The Director-General of the National Communications Authority (NCA), Ing. Edmund Yirenkyi Fianko, has publicly detailed for the first time how the regulator will enforce its tough new call quality rules, revealing that operators will be tested across three consecutive days in specific locations before sanctions are triggered.
Speaking to Bernard Avle on Channel One TV’s The Point of View programme on Monday, Fianko explained that the NCA’s enforcement process would begin with a formal notice requiring operators to fix identified problems, not an immediate fine, but that persistent failures would escalate toward financial penalties sanctioned through the Electronic Communications Tribunal (ECT).
“Our first action is not to fine; our first action is to bring it to your attention and give you time to remedy it,” he said.
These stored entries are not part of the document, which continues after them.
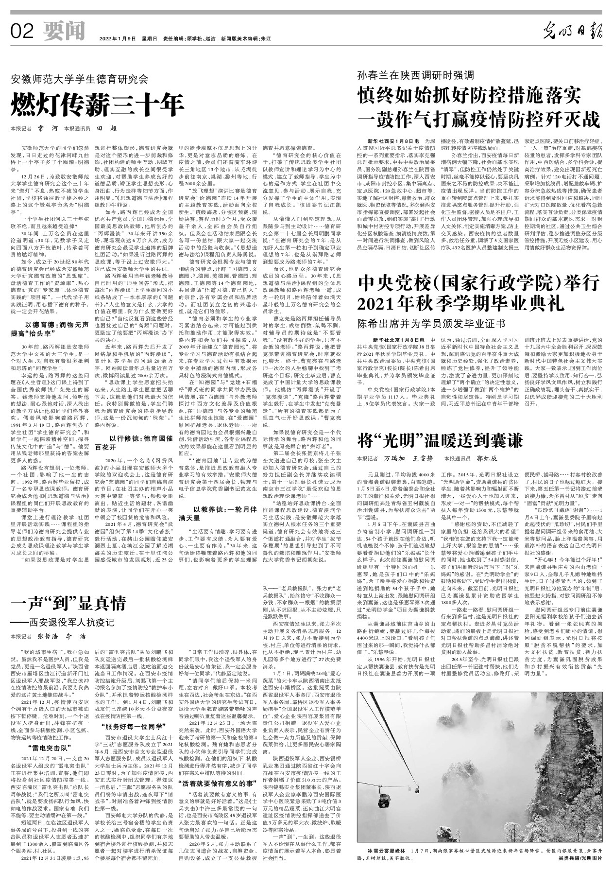 “站稳站好思政课讲台、全面推进课程思政建设、德育浸润学习生活实践,是安徽师范大学落实立德树人根本任务的三个重要渠道,德育研究会有效地将这三个渠道打通融合,并对学生‘拔节孕穗期’的思想引导起到了不可替代的栽培和雕琢作用。”安徽师范大学党委书记胡朝荣说。
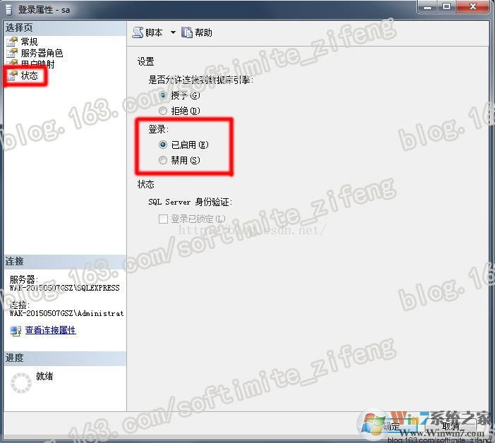 6. 仍然在“登录属性”窗口,选择【状态】,选择“登录”下面的【已启用】,如下图所示。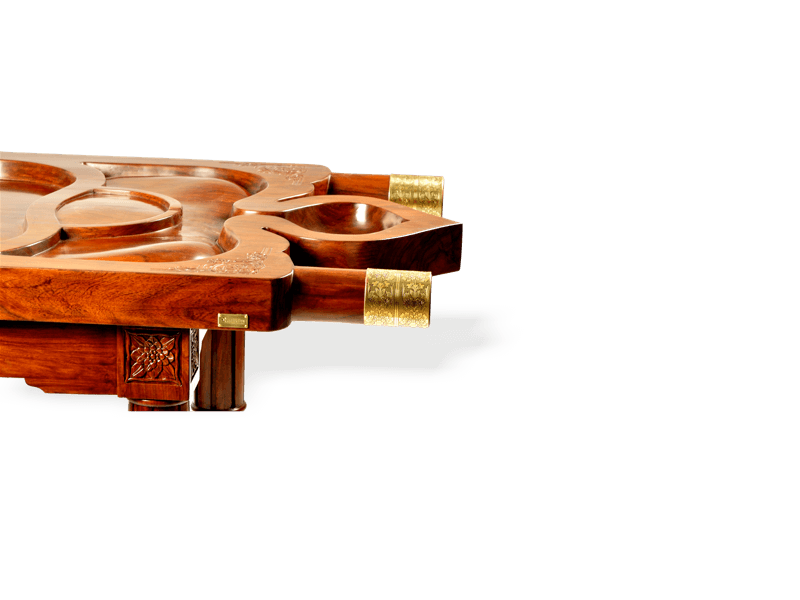 Il lettino per massaggio ayurvedico ANTIFRITE presenta un design tradizionale, tipicamente usato per gli antichi trattamenti shirodhara. Le dimensioni e le pendenze sono state appositamente studiate per consentire il miglior deflusso degli oli per il trattamento. ANTIFRITE viene interamente realizzato e scolpito a mano da maestri falegnami, partendo da assi di legno spesse 70 mm. Questo lettino è decorato da intagli su entrambi i lati e su tutte e quattro le gambe e con ornamenti in ottone sui manici. La parte superiore è staccabile e può essere disposta direttamente sul pavimento per l’esecuzione dei trattamenti che lo richiedono.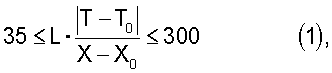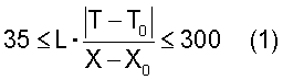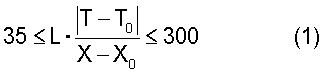 (В уравнении 1 L, T0, X и Х0 соответственно означают: длину реакционной трубки (единица: мм), пиковую температуру катализатора в направлении оси трубки в начале процесса (единица: °С), длину от входа в реакционную трубку вплоть до положения, которое показывает пиковую температуру Т (единица: мм), и длину от входа в реакционную трубку вплоть до положения, которое показывает пиковую температуру Т0 (единица: мм)).

The NCA’s revised Quality of Service (QoS) standards, which took effect on February 15, 2026, cut the maximum allowable call drop rate from 3 per cent to below 1 per cent, replacing benchmarks that had been in place since 2004. The new framework also mandates a Call Connection Success Rate (CCSR) above 95 per cent in over 90 per cent of operational cells within any Metropolitan, Municipal and District Assembly (MMDA) nationwide.
Fianko said the NCA would conduct repeat field measurements at the same location over three days to distinguish a network blip from a structural problem before proceeding with sanctions.
“If we go back to the location and test again for three days and you fail, it means that it’s not just a snapshot; it’s a consistent issue in that locality,” he said.
He acknowledged that fines are embedded in operator licences but cautioned that financial penalties alone do not solve the problem for subscribers.
“If we fine them, the money comes to us, but it doesn’t help the consumer,” Fianko said, adding that the primary objective remains forcing network improvement rather than generating penalty revenue.
The remarks come three weeks after the NCA introduced the new standards and indicated that fines for historical quality breaches were already being prepared for MTN Ghana, Telecel Ghana, and AT Ghana. Communications Minister Samuel Nartey George had earlier pledged that approximately 40 per cent of any fines collected would be returned directly to affected consumers as bonus data or airtime, though it remains unclear whether the incoming sanctions would apply that framework.